Saturday, October 10, 2009

Good times, bad times, and fitting in

The ward census was not high since last Sunday. As a result the adjoining ward was closed, and their staff deployed either to my ward or other wards. In addition, my ward was opened for admission of adult patients.

Generally my past few days were pleasant other than this afternoon's FON mother and an FON adult female patient discharged 2 days ago. In a way, I am fitting into the ward.


However, the same cannot be said of the staff from the adjoining ward who were deployed to join my ward. For example, SN SB told me her grouses yesterday morning at several brief intervals.

Sometime mid-morning, ADON G came to our ward. As several of the staff were at the staff room, ADON G saw SN SB at the ward area and asked her, "You know about the incident, right?"

The night staff had passed to us several issues, the most important of which was that a patient's uncle had complained of a water jug with an odd smell. SN SB replied, "Yes, you mean room XYZ who complained of the water jug with a smell?"

The ADON looked surprised and raised her voice asking aloud why no one told her about that incident.

SSN Y was in-charge that morning. According to SN SB, SSN Y was upset that SN SB leaked the cat out of the bag. SN SB was upset by the ADON's and SSN Y's reactions, especially since her information to the ADON was unintentional. Thus she shared her grouses with me. She told me that she plans to leave the hospital soon.

Then later at around 130pm, SN SB asked if I had taken lunch. I told her that I did not pack lunch from the staff canteen today because I intend to eat only after work. SN SB told me that she has not packed her lunch yet. I was surprised.

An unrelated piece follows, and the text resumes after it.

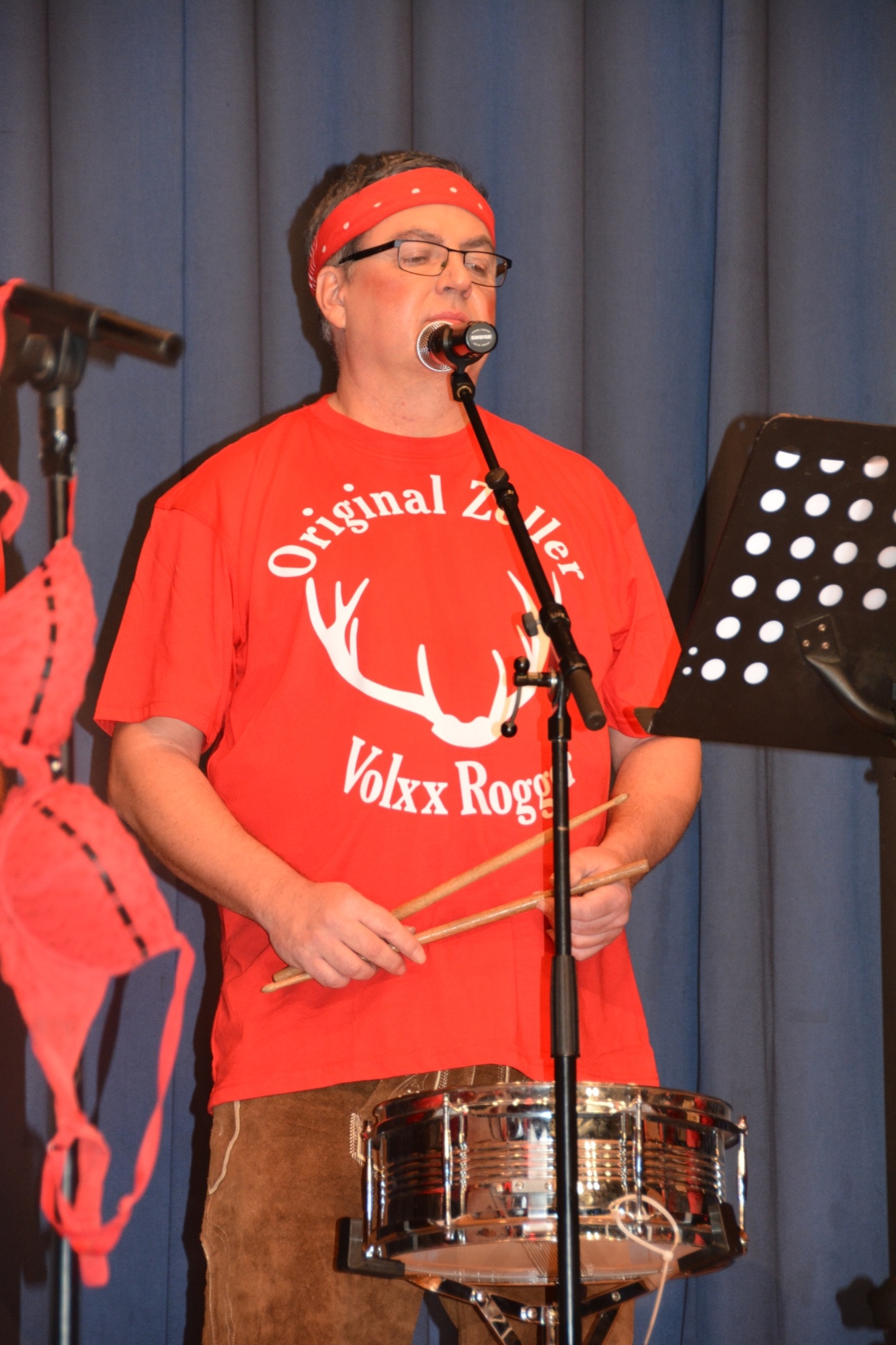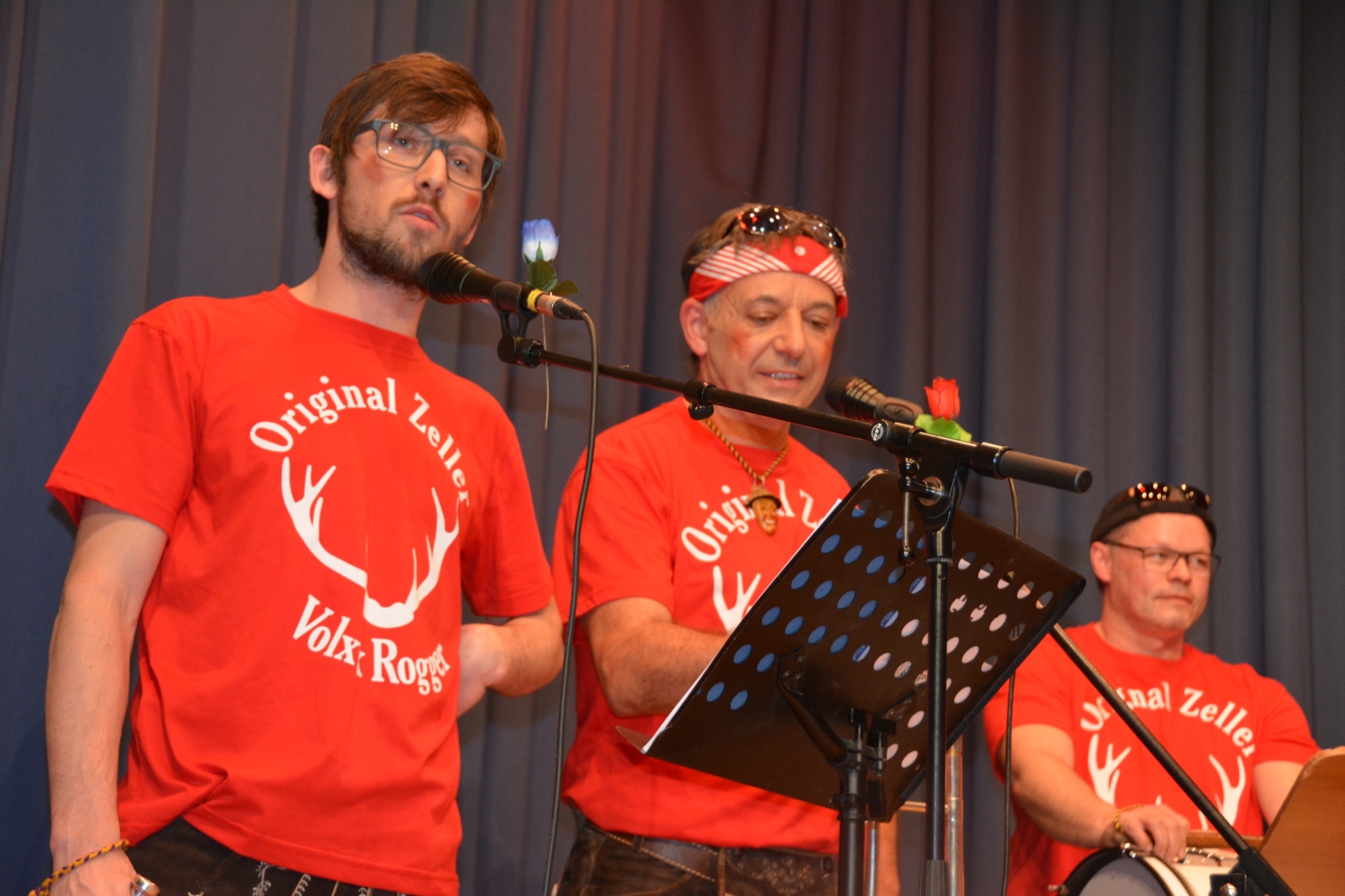 Die Obernarren der Narrenzunft Zell begeisterten das Publikum nicht nur mit geschliffenen Versen, sondern verwandelten sich als »Zeller Volxx-Rogger« in eine schmissige Fasendkapelle, die all jenen ihr Liedchen trällerte, die am Fasendmändig statt zur überlieferten Fasendtradition in Nordrach abrocken. Nicht nur Alt-Narrenrat Hans-Jürgen Hirt hatten sie als »Fasendflüchtling« ausgemacht. »Ich bau Dir ein Schloss« frohlocken sie über die Sanierung des Rundofens und schmachteten: »Denn die Liebe zu Hahn- und Henne, die vergeht in Zell nie!« Den »Wahn, Wahn, Größenwahn«, hatten die Volxx-Rogger in Sachen Schulmensa ausgemacht. Zugabe!
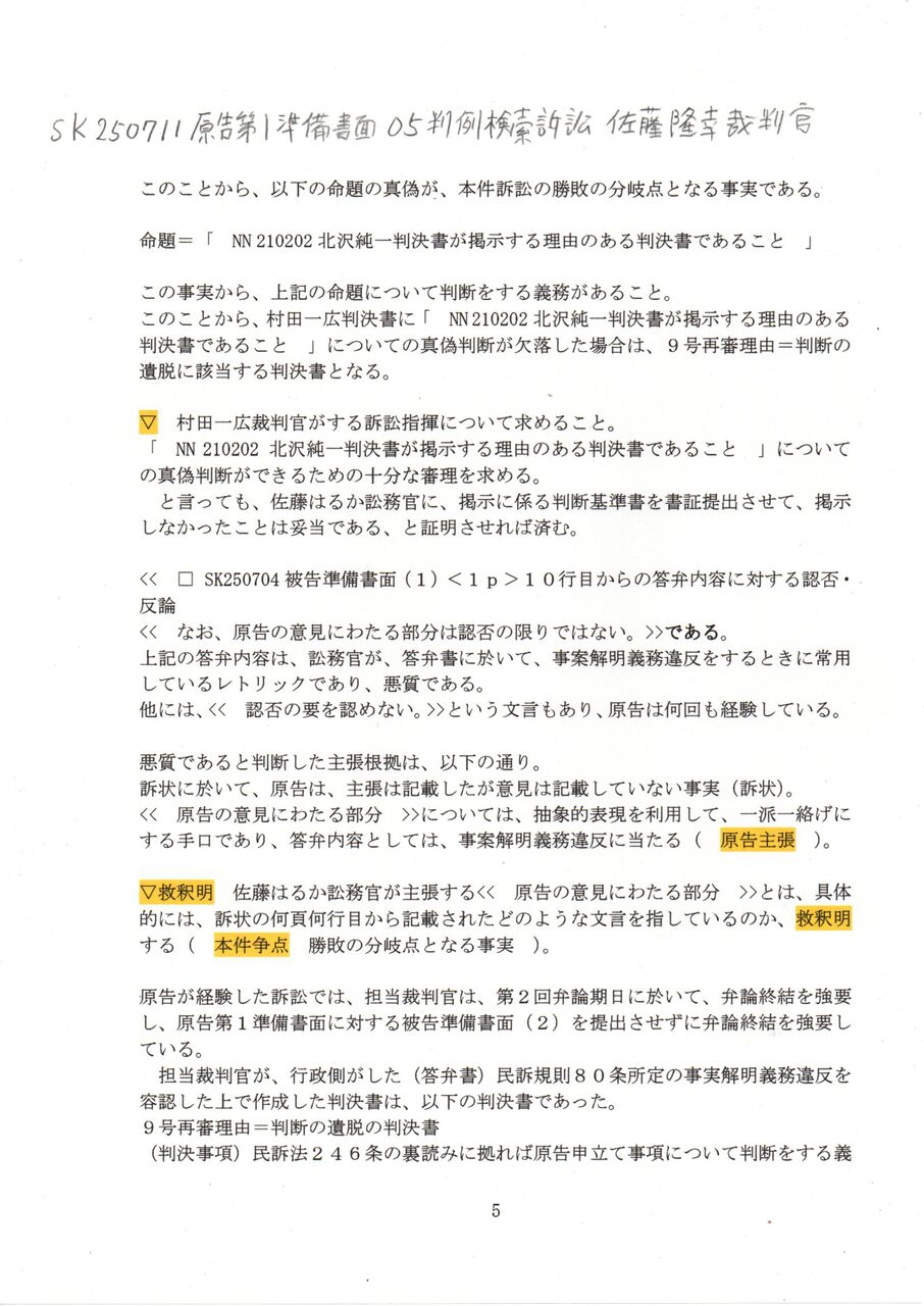5 SK 250711 原告第1準備書面 05判例検索訴訟 佐藤隆幸裁判官

I told her that our ward's housekeepers went around offering to pack lunch for us, which is the ward's norm. It could be that the housekeeper missed out SN SB because they were not familiar with her. SN SB then told me that she felt excluded because the other nurses knew that she was around and yet did not inform her about the arrangement nor did they tell the housekeeper to ask her. That added to her grouses.

I feel sad that SN SB didn't feel like she fitted into the ward and plans to leave the hospital. She is an experienced staff nurse and a wonderful teaching SN when I was a student nurse at her original assigned ward. She was subsequently transferred to the adjoining ward and now "kicked" (to use her own words) into my ward.

Another thought I had was that many of the nurse mangers and my ADON G need leadership training. Their common habit is to raise ruckus whenever they hear of any incident, instead of keeping calm and gathering the facts. Their behaviour may get one much attention and, hopefully, fast response. However, such a habit of making mountain out of every incident, regardless of it being a Mount Everest issue or a molehill, encourages staff to be on the defensive and thus impeding and/or defeating the problem solving process. In this regard, my NO is an excellent example to follow. Sadly, as I understand from my ex-nursing lecturer who previously worked in the hospital's sister organization, leadership training is sorely lacking at my hospital.


After our shift ended yesterday afternoon, I sensed that SEN L was waiting around to speak to me confidentially. Finally after the other staff had left the staff room, SEN L asked me if I was interested in joining her at some events. It turns out that she joined an MLM company as she was interested in their beauty courses. At one point, SEN L said, “人此職的原因只有兩個,對工做沒興趣或者沒有前途。“ [Employees resign from their jobs over 2 reasons. Either not interested in their job, or there is no future in the job.]

I understood where SEN L was coming from. The school for registered nursing turning down her application for training to be an RN has had a big impact on her hopes. However, as I've mentioned to her on another occasion before, her nursing future is not limited to being trained and practising in Singapore. Thus I responded teasingly, “前途是自己創造的嗎!” [The future is in one's hands.]

To which she replied, “不只是“前途”。我講的還有“錢途”。” [Not "future", but "monetary rewards". Note: Both are homophones in Chinese Mandarin.]

I understand what SEN L was talking about. Nursing pay in Singapore is not high (click here and search for "nurse"). Even at managerial levels of NO, one can only expect around SGD4-5K/month gross pay. The highest paid are those trained and practising in highly specialized areas like OT and CCU nursing where SGD 7K-9K is a possibility after many years of experience, with overtime thrown-in. This is miserable compared to the pay of other "professional" fields where specialized training is a pre-requisite. There isn't a single nursing-based job listed on Singapore's top 100 best-paying jobs across all industries in 2009. Thus, nursing while labelled as a noble job, is not seen as a rewarding job by the Singapore society in general.

To quote one patient's grandfather words to me yesterday morning with regards to nursing, “這種工做,吃力又不挑好。” [This type of job, takes so much effort and yet is unrewarding.]


Nursing is like that. With good times, bad times, problems with fitting-in, (hopefully) eventually fitting-in, handling one's ups and downs at work, and ultimately ownership of one's own work behaviour and career expectations.